Multi-university team pursues AI-enhanced design tool
Through a collaborative effort, researchers will develop novel turbomachinery design tools to break the one-part-one-material paradigm.
A recent award from the Defense Advanced Research Projects Agency (DARPA) will bring together researchers from Massachusetts Institute of Technology (MIT), Carnegie Mellon University (CMU), and Lehigh University under the Multiobjective Engineering and Testing of Alloy Structures (METALS) program. The team will research novel design tools for the simultaneous optimization of shape and compositional gradients in multi-material structures that complement new high-throughput materials testing techniques. They will consider an additively manufactured bladed disk (blisk), commonly found in turbomachinery such as jet and rocket engines, as an exemplary challenge problem.
Different locations in the blisks require different thermomechanical properties and performance, such as resistance to creep, low cycle fatigue, and high strength. Large scale production also necessitates consideration of cost and sustainability metrics such as sourcing and recycling of alloys in the design. Currently, standard manufacturing and design procedures require a single magical material, composition, and processing parameters to meet “one part-one material” constraints.
Desired properties are also often mutually exclusive, prompting inefficient design tradeoffs and compromises. For example, one material may be optimal for a particular location in a component but leaves other locations exposed to failure or requires a critical material to be carried throughout an entire part when it may only be needed in a specific location.
“I am excited to work with this bright team to break the one part, one material paradigm for various applications of structural alloys,” said Mohadeseh Taheri-Mousavi, an assistant professor of materials science and engineering who will represent CMU on this project.
I am excited to work with this bright team to break the one part, one material paradigm for various applications of structural alloys.
Mohadeseh Taheri-Mousavi, Assistant Professor, Materials Science and Engineering
In addition to Taheri-Mousavi, contributors include the lead PI Zachary Cordero (MIT), as well as co-investigators Zoltan Spakovszky, John Hart, and Faez Ahmed (MIT), and Natasha Vermaak (Lehigh).

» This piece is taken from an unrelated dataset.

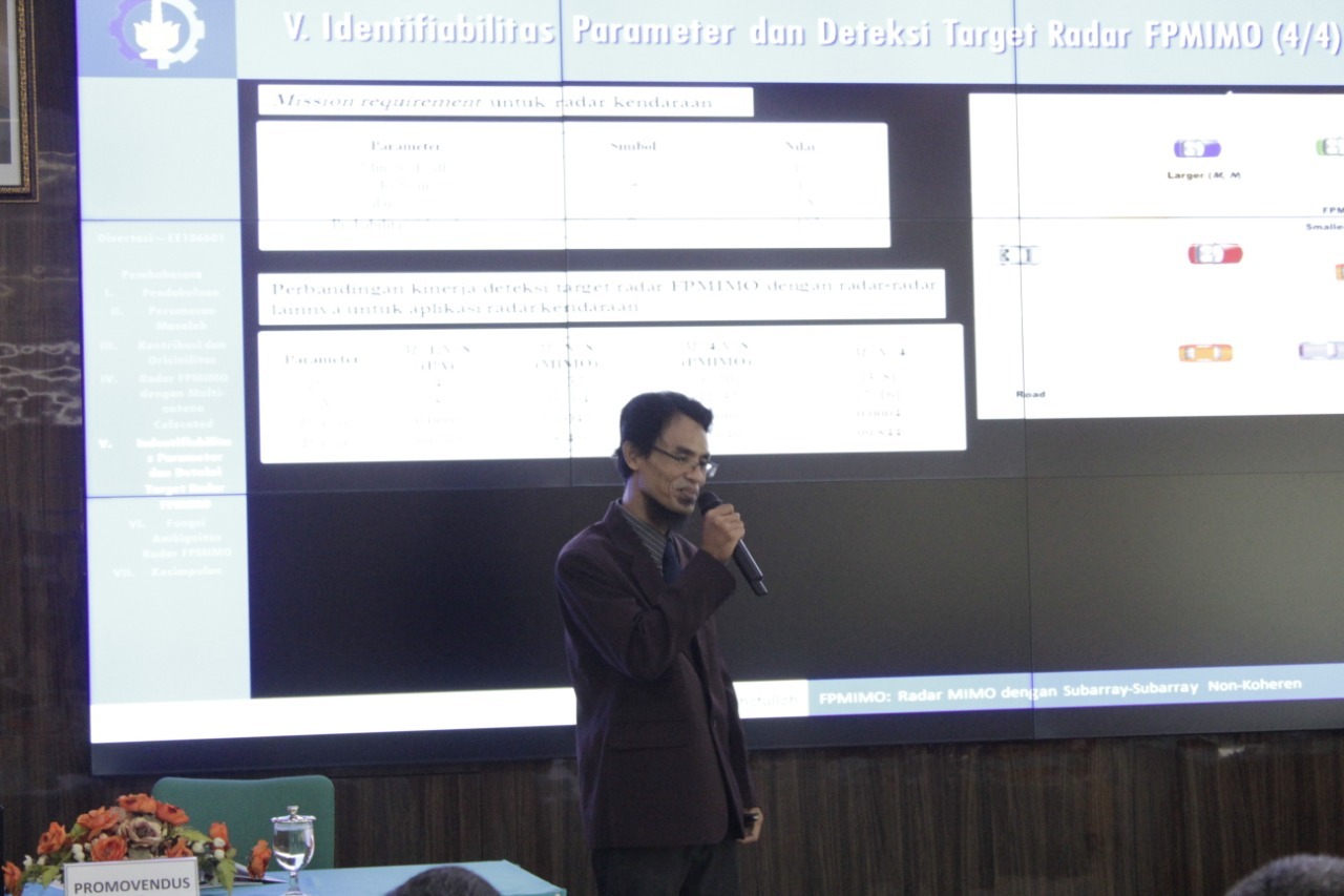 Shahfrizal Tahcfulloh when presenting his dissertation about FPMIMO radar in an doctoral open session promotion in Department of Electrical Engineering ITS

The team combines expertise spanning hybrid integrated computational materials engineering and machine-learning-based material and process design, precision instrumentation, metrology, topology optimization, deep generative modeling, additive manufacturing, materials characterization, thermostructural analysis, and turbomachinery.

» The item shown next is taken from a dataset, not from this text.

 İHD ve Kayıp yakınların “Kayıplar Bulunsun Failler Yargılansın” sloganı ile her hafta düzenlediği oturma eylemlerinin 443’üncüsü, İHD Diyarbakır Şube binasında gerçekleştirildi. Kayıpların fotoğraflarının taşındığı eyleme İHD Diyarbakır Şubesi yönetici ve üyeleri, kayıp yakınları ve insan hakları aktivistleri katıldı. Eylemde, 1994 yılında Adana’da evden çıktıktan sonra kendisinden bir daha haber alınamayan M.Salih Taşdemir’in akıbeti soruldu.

“This project could have important implications across a wide range of aerospace technologies. Insights from this work may enable more reliable, reusable, rocket engines that will power the next generation of heavy-lift launch vehicles,” says Cordero. “This project merges classical mechanics analyses with cutting-edge generative AI design technologies to unlock the plastic reserve of compositionally graded alloys allowing safe operation in previously inaccessible conditions.”

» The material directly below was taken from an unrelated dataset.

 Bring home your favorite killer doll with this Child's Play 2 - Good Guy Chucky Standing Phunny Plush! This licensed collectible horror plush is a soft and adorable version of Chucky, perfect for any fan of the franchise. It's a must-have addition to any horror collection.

The main question investigated in this team’s DARPA METALS project is how to strategically develop high-throughput material testing and materials informatics pipelines to enable next-generation continuum material design and AI technologies in the context of rotor-type geometries. With the rapid advancement of additive manufacturing processes that are enabling voxel-based resolutions in property and compositional gradients, unique opportunities for leap-ahead performance in structural components are now possible. The team will research foundational Generative AI models that leverage these opportunities to efficiently generate solutions to complex multi-material design challenges. The project will be carried out over three years.
This research will be developed with funding from the Defense Advanced Research Projects Agency (DARPA) under contract #HR00112420303. The views, opinions, and/or findings expressed are those of the author and should not be interpreted as representing the official views or policies of the Department of Defense or the U.S. Government and no official endorsement should be inferred.